Consumers will be able to pick up ready-made meals, bottles of wine, online purchases and dry-cleaning from Caltex service stations under ambitious plans by the fuel distributor to reinvent convenience retailing.
After completing its transformation from fuel refiner to distributor and marketer, and cutting ties with US parent Chevron last year, Caltex is close to finalising plans to become a major force in convenience retailing by augmenting its store network and supply chain infrastructure with new digital platforms, acquisitions, partnerships and joint ventures.
“You’ll start to see different aspects of the new convenience concept over the next 12 to 18 months,” says Julian Segal, Caltex CEO.
Caltex chief executive Julian Segal says the company’s vision is to be the market leader in complex supply chain and the evolving convenience marketplace by delivering the everyday needs of customers through its networks.
Mr Segal told Fairfax Media that Caltex had no intention of competing directly against supermarket chains Coles or Caltex’s fuel partner Woolworths.
However, Caltex saw scope to significantly expand its food and beverage offer from pies, sausage rolls, coffee and confectionery to fresh foods, salads and pre-prepared meals that could be ordered from a new Caltex website or mobile phone app and picked up by consumers on the way home from work.
“By definition we will not be competing with the big supermarkets. The size of our stores means we’re going to focus on what the customer wants on the way to work or on the way home … but there’s a lot there we can provide,” Mr Segal said.
“It’s not necessarily all about groceries. It could be many other items,” he said, citing services such as haircuts, dry-cleaning and delivery of online purchases.
“We are looking at what is really important to the customer – what are the most valuable things from a customer perspective from a convenience point of view.”
Customers may not even have to leave their cars to pick up and pay for purchases. Caltex is looking at technology such as number-plate recognition systems used by carpark operators for ticketless payments to offer the ultimate in convenience to busy commuters.
“Five minutes later you’ll be on your way,” Mr Segal said.
Caltex’s vision is encapsulated in a new corporate catchphrase, “freedom of convenience”, introduced to investors and staff after a strategic review last year.
“Convenience is not just in terms of what traditional convenience used to be. In our case it used to be delivering fuel and basic goods and tobacco,” said the Romanian-born former chemical engineer. “The role of convenience in customers’ lives is significantly wider than that.”
Caltex’s network of more than 2000 stores and service stations under the Caltex banner attracts more than 3 million customers a week and generates convenience retail sales of $1.2 billion. Its supply chain systems distribute products as diverse as fuel, motor oils and auto care products to packaged groceries and frozen and chilled foods across Australia.
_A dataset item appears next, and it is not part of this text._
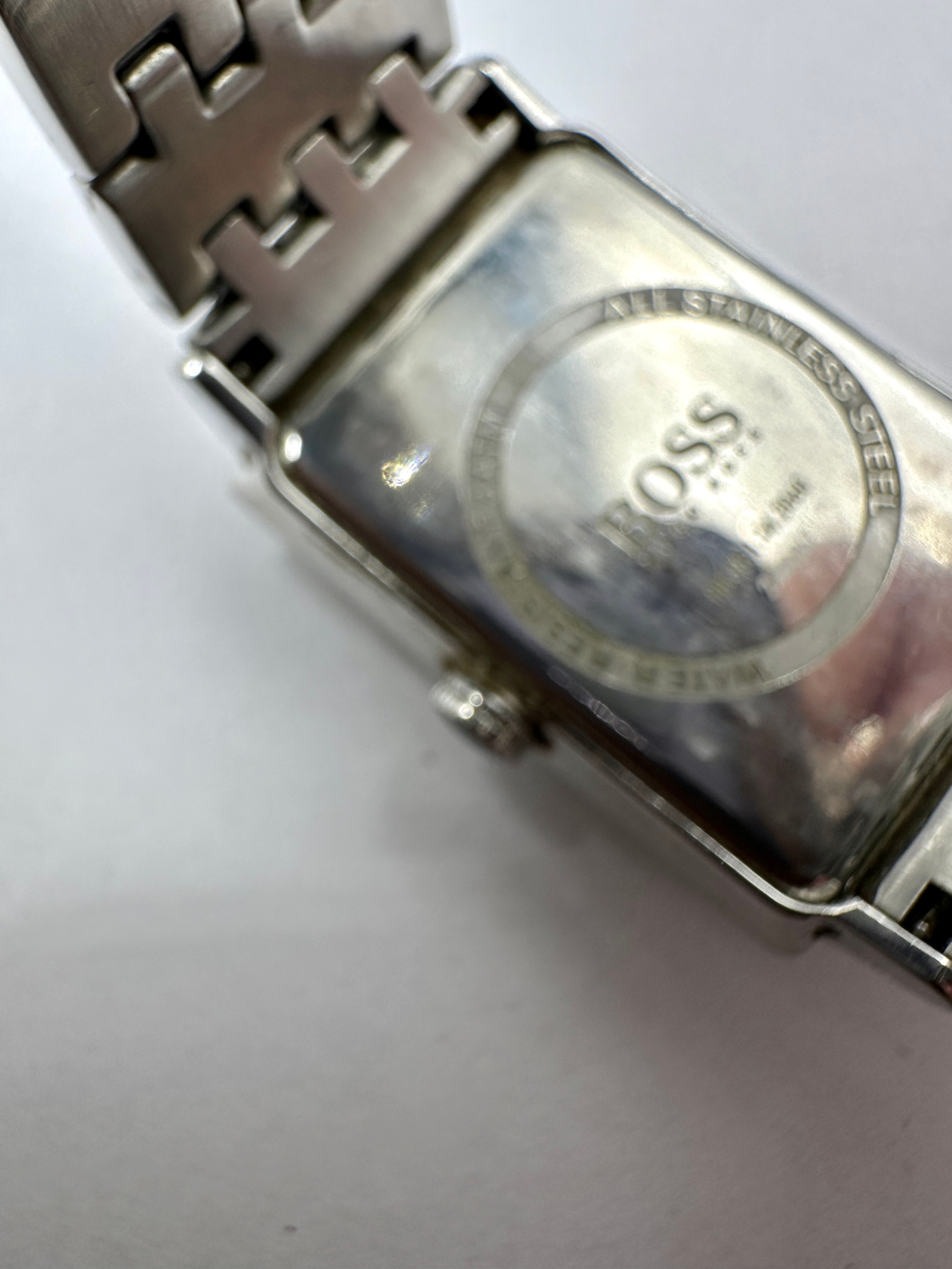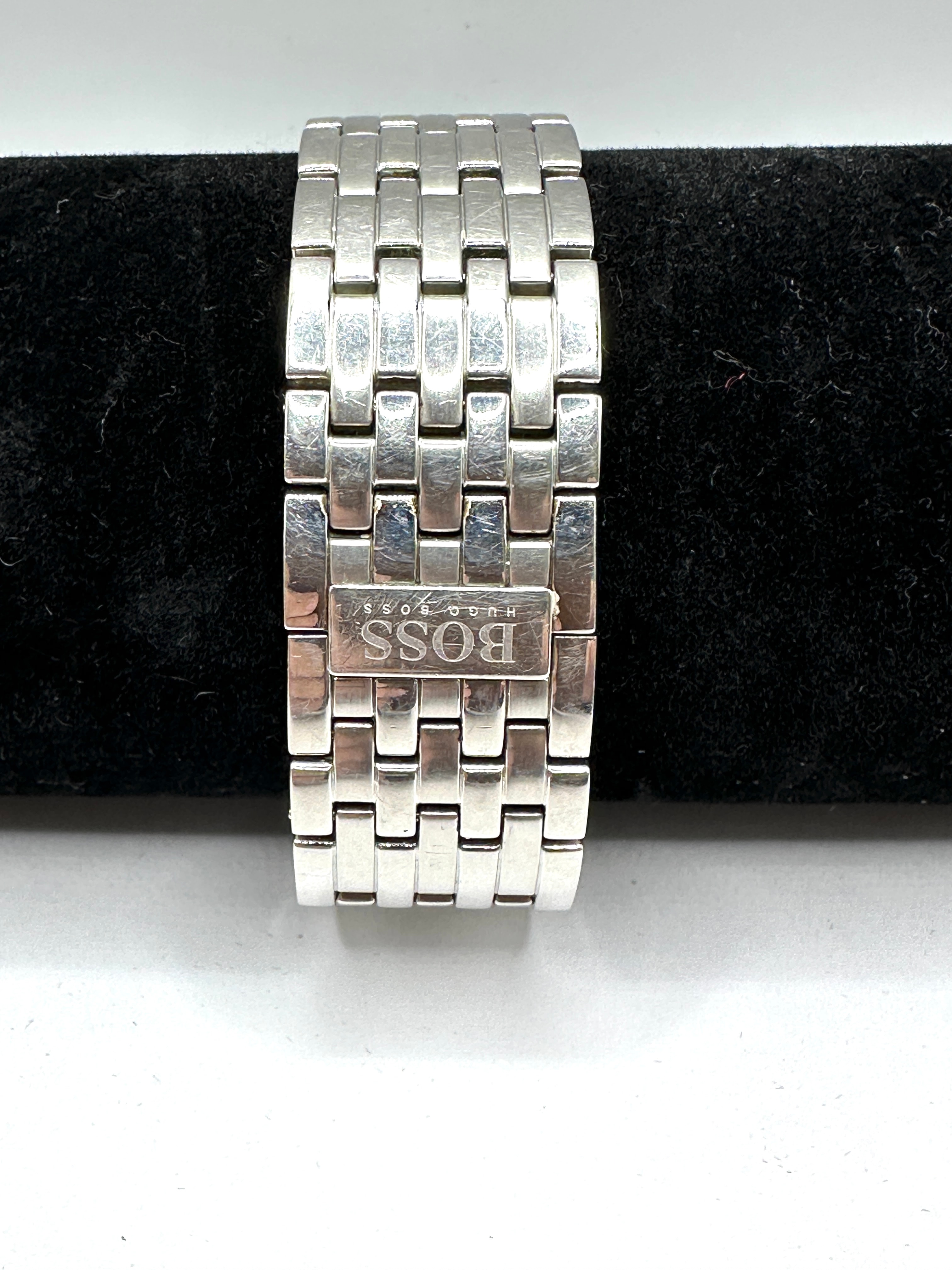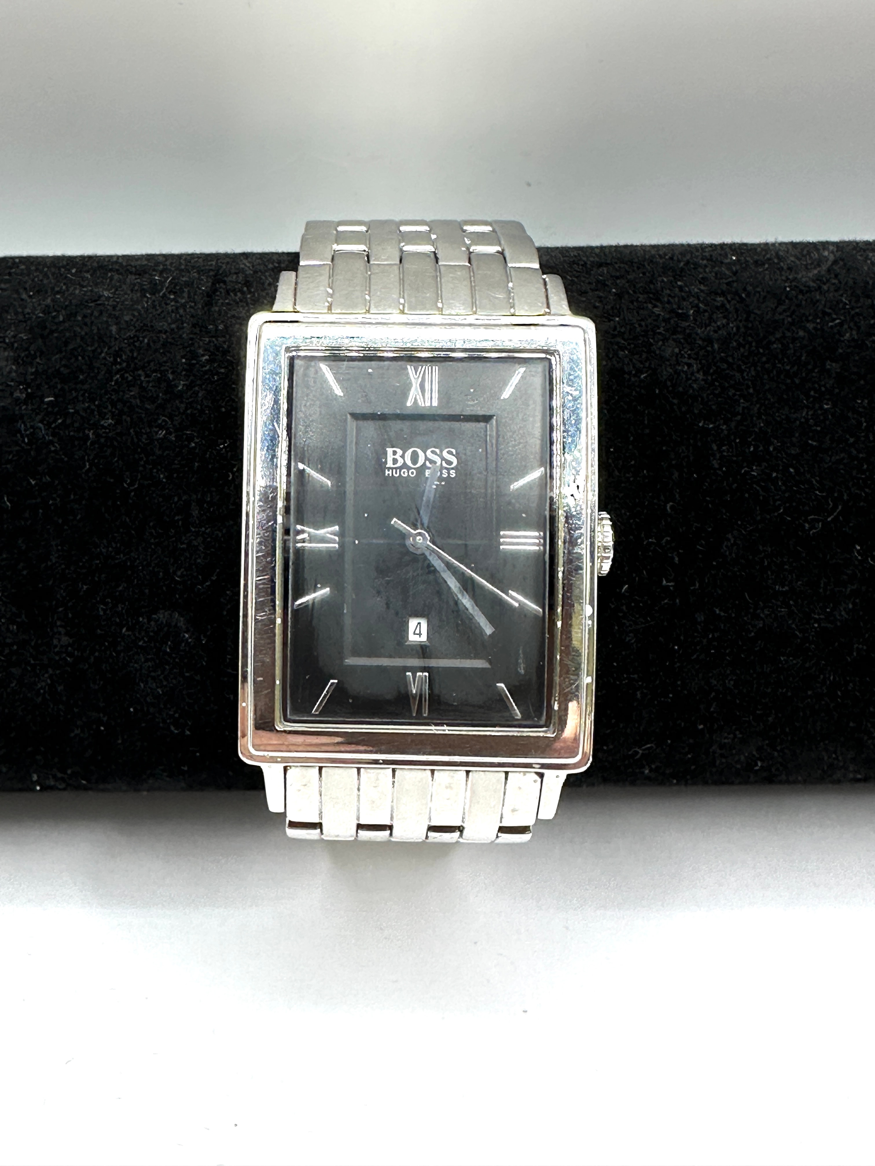 A Hugo Boss Men’s stainless steel rectangular wristwatch. The silver-tone watch features a rectangular case and a matching metal link bracelet with a fold-over clasp. The black dial displays Roman numeral hour markers at XII, III, VI, and IX, with stick markers for the remaining hours, and a date window at the 6 o’clock position showing “4”. The dial and clasp are marked “BOSS” with “HUGO BOSS” in smaller font below. The case back is engraved with “ALL STAINLESS STEEL”, “BOSS”, “HUGO BOSS”, “WATER RESISTANT”, and “5 BAR”.

Caltex plans to leverage these assets by creating a fresh food supply chain, either independently or in conjunction with partners, a digital platform that would allow customers to order goods online from Caltex and potential partners, and a new customer loyalty program.
“I don’t think we’re going to go into the manufacture of ready prepared food – there are quite a few people who are doing that – it’s a matter of identifying potential partners,” said Mr Segal.
He declined to say if Caltex was already in talks with potential partners. “It’s too early in the piece. In two to three months’ time we can talk with more detail,” he said.
Despite recent market speculation that Caltex could cut its ties with its fuel alliance partner Woolworths, Mr Segal suggested that Caltex might strengthen its relationship with the food and liquor retailer, which is significantly expanding its pre-prepared meals range after entering into a long-term partnership last year with Sydney-based food manufacturer Beak & Johnson.
“We have a very strong and long-term business relationship with Woolworths, it’s an important partnership for us, it’s an important partnership for Woolworths [and] I’m interested in evolving this alliance into an even better one as long as it’s beneficial to both parties,” Mr Segal said.
Mr Segal and chief financial officer Simon Hepworth said Caltex had sufficient balance sheet capacity to make sizeable acquisitions and would consider raising new capital to fund a “multibillion-dollar acquisition”.
Targets could include BP Australia, the Withers’ family’s 7-Eleven convenience store chain and City Convenience stores.
Mr Segal agreed that an acquisition of BP would “make sense” as it would enable Caltex to expand its core fuel network and supply chain capacity, but he was not aware if it was for sale.
Broker UBS estimated last year that Caltex could consider deals worth up to $3 billion, using to $500 million from its own balance sheet as well as new equity and debt. Caltex shares have risen more than 54 per cent in the last two years – from $22.09 to $34.11 – in anticipation of expansion.
Caltex expects to finish drafting the convenience retail strategy in two to three months then start work on execution plans.
“You’ll start to see different aspects of the new convenience concept over the next 12 to 18 months,” Mr Segal said.